To conduct an two-factor ANOVA is pretty straightforward.
weeds.aov2 <- aov(flowers ~ species + soil, data = weeds) # two-factor anova (without interaction)
summary(weeds.aov2)
## Df Sum Sq Mean Sq F value Pr(>F)
## species 2 2369 1184.3 9.272 0.000436 ***
## soil 1 239 238.5 1.867 0.178720
## Residuals 44 5620 127.7
## ---
## Signif. codes: 0 '***' 0.001 '**' 0.01 '*' 0.05 '.' 0.1 ' ' 1
This example constructs an ANOVA with two factors, but does not include the interaction term. If we want the interaction term, simply replace the + sign with an asterisk * .
weeds.aov2 <- aov(flowers ~ species * soil, data = weeds) # two-factor anova (with interaction)
summary(weeds.aov2)
## Df Sum Sq Mean Sq F value Pr(>F)
## species 2 2369 1184.3 9.102 0.00052 ***
## soil 1 239 238.5 1.833 0.18301
## species:soil 2 155 77.5 0.596 0.55574
## Residuals 42 5465 130.1
## ---
## Signif. codes: 0 '***' 0.001 '**' 0.01 '*' 0.05 '.' 0.1 ' ' 1
Including the asterisk tells the formula to multiply both of the factors creating the interaction factor. It will automatically produce the results for factors independantly as well as the interaction term.
Don’t forget to check your assumptions
Everything stays the same for assumptions except the following modifications to Bartlett’s and Levene’s Tests.
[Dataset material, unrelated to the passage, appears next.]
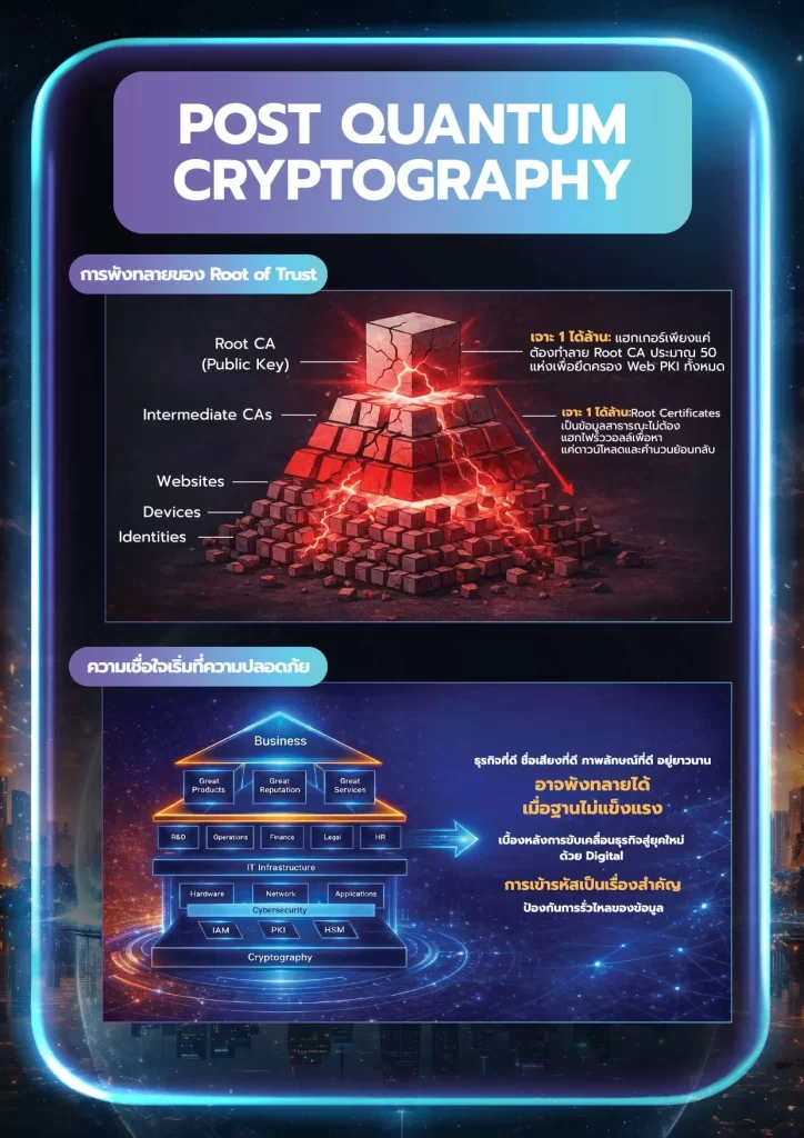 เผยความเสี่ยงเชิงระบบต่อความมั่นคงของเศรษฐกิจและสังคม ดึงกูรู ผู้เชี่ยวชาญระดับประเทศ ถ่ายทอดมุมมอง ถอดรหัสโอกาส สร้างเกราะป้องกัน ปรับตัวพร้อมสู่ยุค Post-Quantum Cybersecurity

bartlett.test(flowers ~ interaction(species, soil), data = weeds) # Add the interaction() argument to correctly analyse an interaction term
##
## Bartlett test of homogeneity of variances
##
## data: flowers by interaction(species, soil)
## Bartlett's K-squared = 5.3304, df = 5, p-value = 0.3769
leveneTest(flowers ~ species * soil, data = weeds) # same syntax as the normal formula
## Levene's Test for Homogeneity of Variance (center = median)
## Df F value Pr(>F)
## group 5 0.81 0.5492
## 42
There are two methods to transform your response (Y) variable for an analysis.
mutate()
to create a new column; orFor this example, we will be log transforming the flowers column within the weeds dataset.
NOTE: THIS MAKES NO SENSE AS IT IS NORMAL data. IT IS JUST AN EXAMPLE!
## Mutate Option ##
weeds <- mutate(weeds, logflowers = log(flowers)) # create new column called "logflowers"
## Formula option ##
weeds.aov.log <- aov(log(flowers) ~ species * soil, data = weeds) # log(flowers) as our Y variable tells the anova to use a log transformed response.
summary(weeds.aov.log)
## Df Sum Sq Mean Sq F value Pr(>F)
## species 2 2.842 1.4211 11.158 0.00013 ***
## soil 1 0.239 0.2387 1.874 0.17831
## species:soil 2 0.247 0.1234 0.969 0.38792
## Residuals 42 5.349 0.1274
## ---
## Signif. codes: 0 '***' 0.001 '**' 0.01 '*' 0.05 '.' 0.1 ' ' 1
If you are testing assumptions, you must run the aov()
(or general analysis) again with the new transformation and then extract residuals.
shapiro.test(log(weeds.aov$residuals)) #### DO NOT DO THIS!! ####
##
## Shapiro-Wilk normality test
##
## data: log(weeds.aov$residuals)
## W = 0.95759, p-value = 0.4422
shapiro.test(weeds.aov.log$residuals) # Do this! #
##
## Shapiro-Wilk normality test
##
## data: weeds.aov.log$residuals
## W = 0.97792, p-value = 0.4951
See how those are different? The same thing applies to square root (sqrt) or square/cubic transformations (^2, ^3).
Construct a Two-factor ANOVA (with interaction) on the Insecticide dataset and answer the following:
1. Is the data normal?
2. What is the p-value for the Bartlett’s test?
3. Without transforming to normalise, what is the p-value for the interaction term?